> Work instructions
Copy, pictures aside: the lines below from the one that holds "UGG Slippers Women's" through the final line of the listing, both ends included, exactly as they are and nothing else.
──────
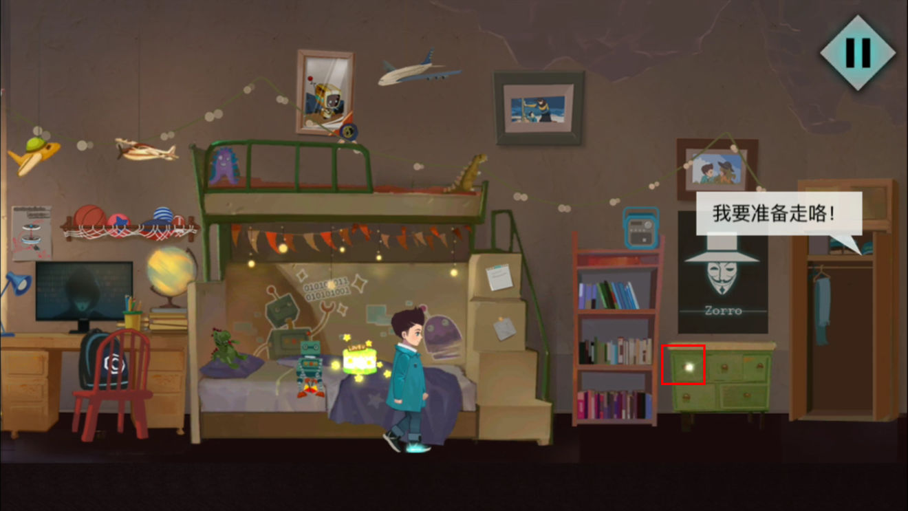 其他柜子不用搜索,没有意义可以出门了。(可选行为,点击藏机器人的大柜子,可以多进去,后果是无法见到妈妈了,不影响后续剧情)
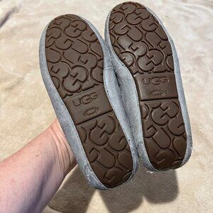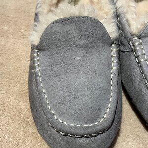 UGG Slippers Women's Light Gray Suede Sheepskin Ansley Moccasins Slip On Size 7
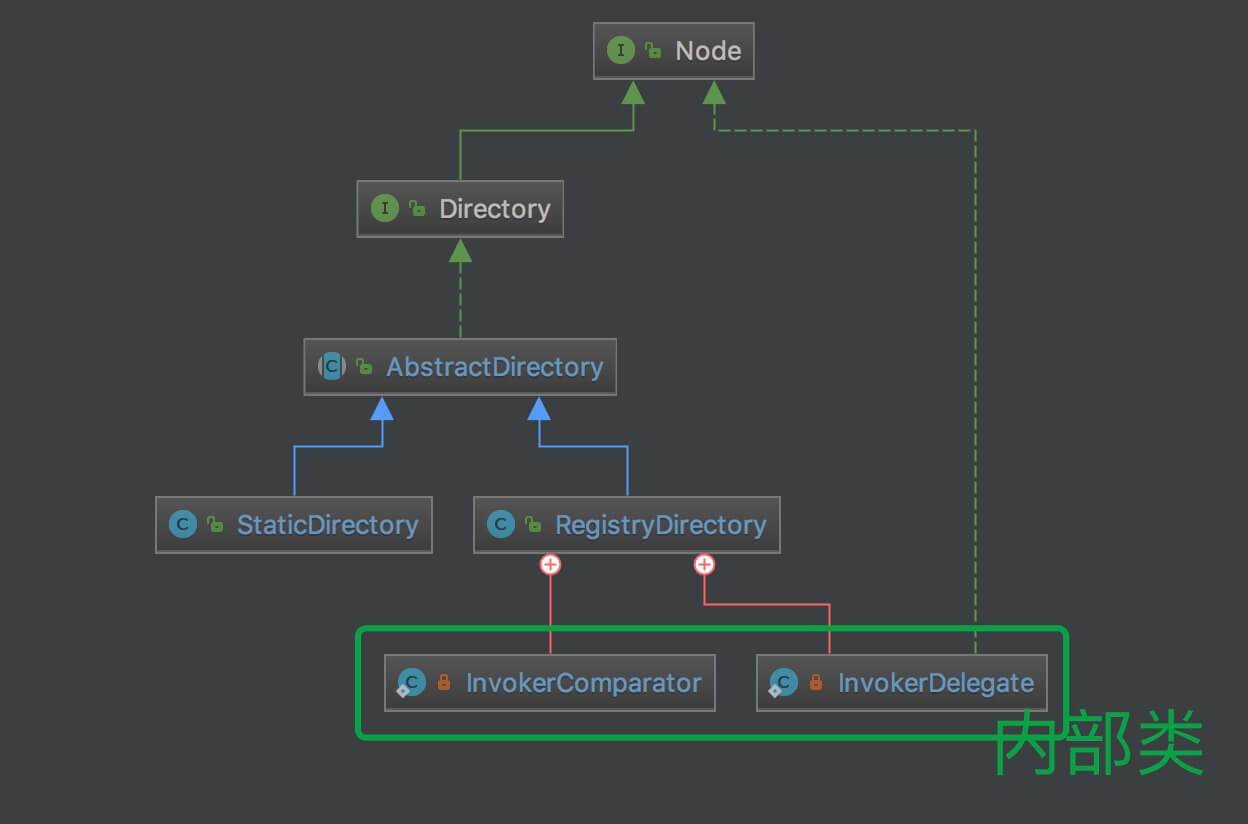 com.alibaba.dubbo.registry.integration.RegistryDirectory ,实现 NotifyListener 接口,实现 AbstractDirectory 抽象类,基于注册中心的 Directory 实现类。
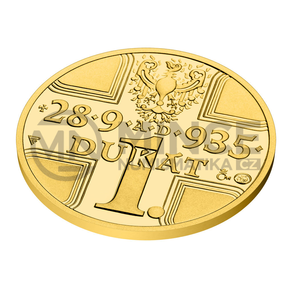 Averzní strana zlatého dukátu předkládá křížovou kompozici, které vévodí nápis 1DUKÁT doplněný datem zavraždění svatého Václava 28. 9. 935 AD (anno Domini – léta Páně). Na averzu se vyjímá ještě plamenná orlice nazývaná též svatováclavská či přemyslovská. Na reverzní straně pak najdete portrét knížete v plné zbroji doplněný textem SV. VÁCLAV. Výtvarný návrh dukátu je dílem akademického malíře Vladimíra Pavlici, který bohužel již není mezi námi, a tak své dílo nestihl dokončit. Osiřelých kresebných předloh se po celých deseti letech od jejich vzniku ujali medailéři Petr Patka, DiS., a Jiří Hanuš, DiS., kteří je převedli do reliéfní podoby.
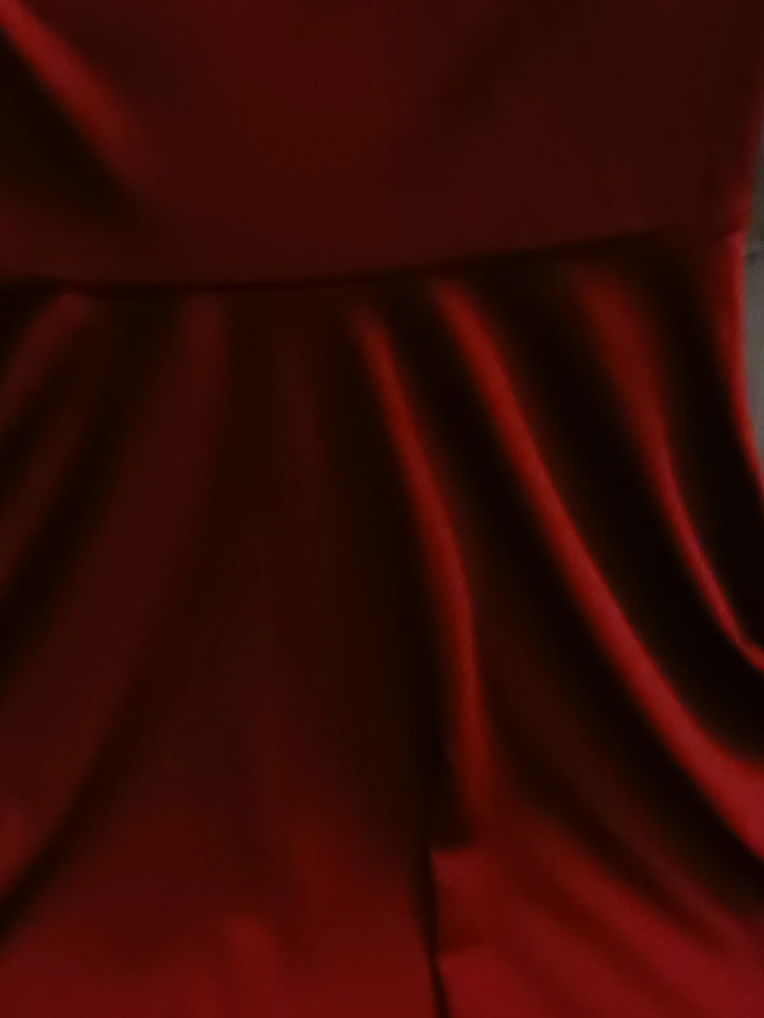 This is a stylish red fit and flare dress. It has a flattering A-line silhouette with a short, ruffled hem. Perfect for a night out or a special occasion!
──────
> Reply
 UGG Slippers Women's Light Gray Suede Sheepskin Ansley Moccasins Slip On Size 7
 com.alibaba.dubbo.registry.integration.RegistryDirectory ,实现 NotifyListener 接口,实现 AbstractDirectory 抽象类,基于注册中心的 Directory 实现类。
 Averzní strana zlatého dukátu předkládá křížovou kompozici, které vévodí nápis 1DUKÁT doplněný datem zavraždění svatého Václava 28. 9. 935 AD (anno Domini – léta Páně). Na averzu se vyjímá ještě plamenná orlice nazývaná též svatováclavská či přemyslovská. Na reverzní straně pak najdete portrét knížete v plné zbroji doplněný textem SV. VÁCLAV. Výtvarný návrh dukátu je dílem akademického malíře Vladimíra Pavlici, který bohužel již není mezi námi, a tak své dílo nestihl dokončit. Osiřelých kresebných předloh se po celých deseti letech od jejich vzniku ujali medailéři Petr Patka, DiS., a Jiří Hanuš, DiS., kteří je převedli do reliéfní podoby.
 This is a stylish red fit and flare dress. It has a flattering A-line silhouette with a short, ruffled hem. Perfect for a night out or a special occasion!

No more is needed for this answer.